Professionista dal 1998, ritirato nel 2022. Una carriera lunga cinque lustri che si concluderà al prossimo Trofeo Conde de Godó a Barcellona, in casa, davanti alla sua gente.
Tommy Robredo è stato uno dei giocatori più importanti del tennis spagnolo del 21° secolo e tra pochi giorni appenderà ufficialmente la racchetta al chiodo. Il catalano si è raccontato a Punto se Break ripercorrendo la sua storia nel circuito. “Sono entusiasta di giocare il mio ultimo torneo a Barcellona, a casa mia. Il mio sogno era dire addio davanti al pubblico, alla mia gente, ritirarmi un anno fa sarebbe stata un’opzione ma con il Covid non avrei avuto il finale che volevo. Non potevo immaginare un addio senza che i miei genitori fossero sugli spalti, così ho deciso di rinviare tutto di un anno”.

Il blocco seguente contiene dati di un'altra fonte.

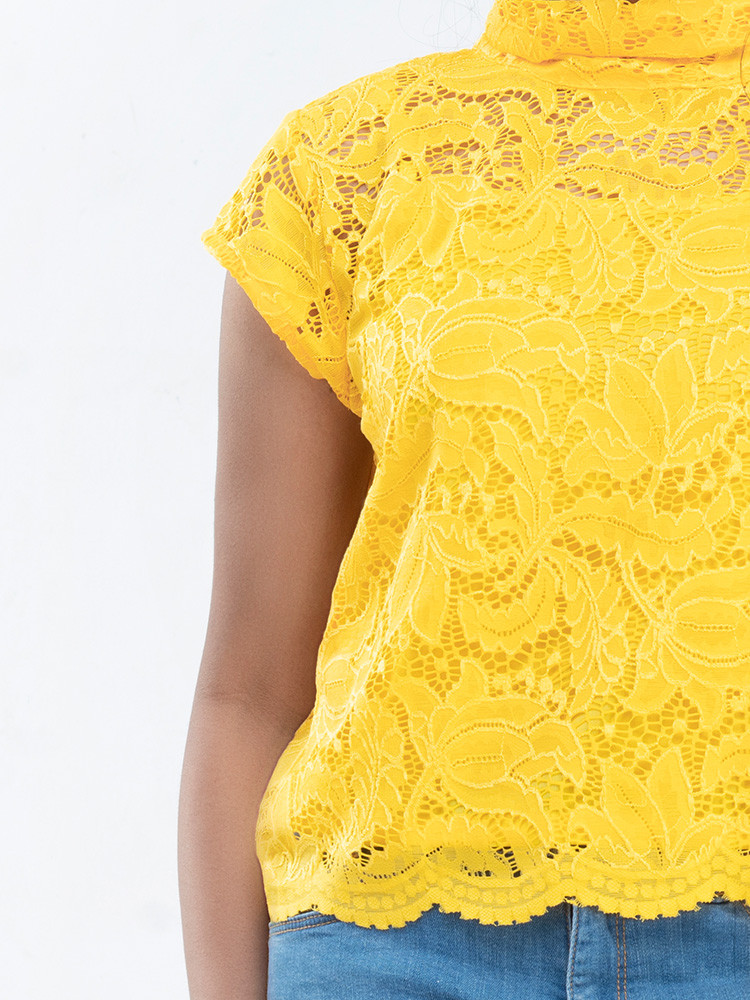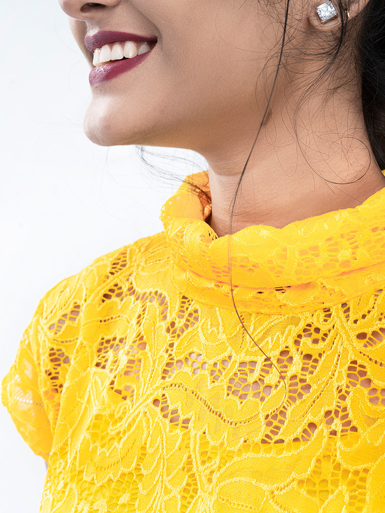 Docked up on the yellow front, this dress has a high neck, cap sleeves and camisole

“Il tennis mi ha dato molto, mi ha insegnato tutto, mi ha fatto crescere, mi ha dato l’educazione e i valori che ho – ha proseguito Robredo -. Il tennis ti porta a cadere e rialzarti ogni settimana, a sapere vincere e sapere perdere, a raggiungere la fama, a guadagnare soldi già da giovane, a raggiungere i tuoi obiettivi… quello che vive una persona normale a 70 anni, gli atleti lo vivono in 20”. Lo spagnolo non ha dubbi su quale sia stata la partita della sua vita: la finale del torneo di Valencia nel 2014, persa 7-6 al terzo contro Andy Murray dopo tre ore e 20 di gioco.
“È stata la partita più crudele della mia carriera ma, allo stesso tempo, è una delle partite di cui ho i ricordi più belli. Quel match è stato spettacolare, l’ho rivisto diverse volte e mi viene sempre la pelle d’oca, abbiamo giocato entrambi ad un livello straordinario, nello stile di Djokovic-Nadal agli Australian Open. Una partita con cinque match point a mio favore, giocata con Andy, persona che apprezzo molto. Dopo il match siamo andati insieme a Parigi-Bercy sul suo aereo privato: lui festeggiava con lo champagne e io lì dietro a bere acqua. È una partita che ho perso ma a cui sono molto affezionato”.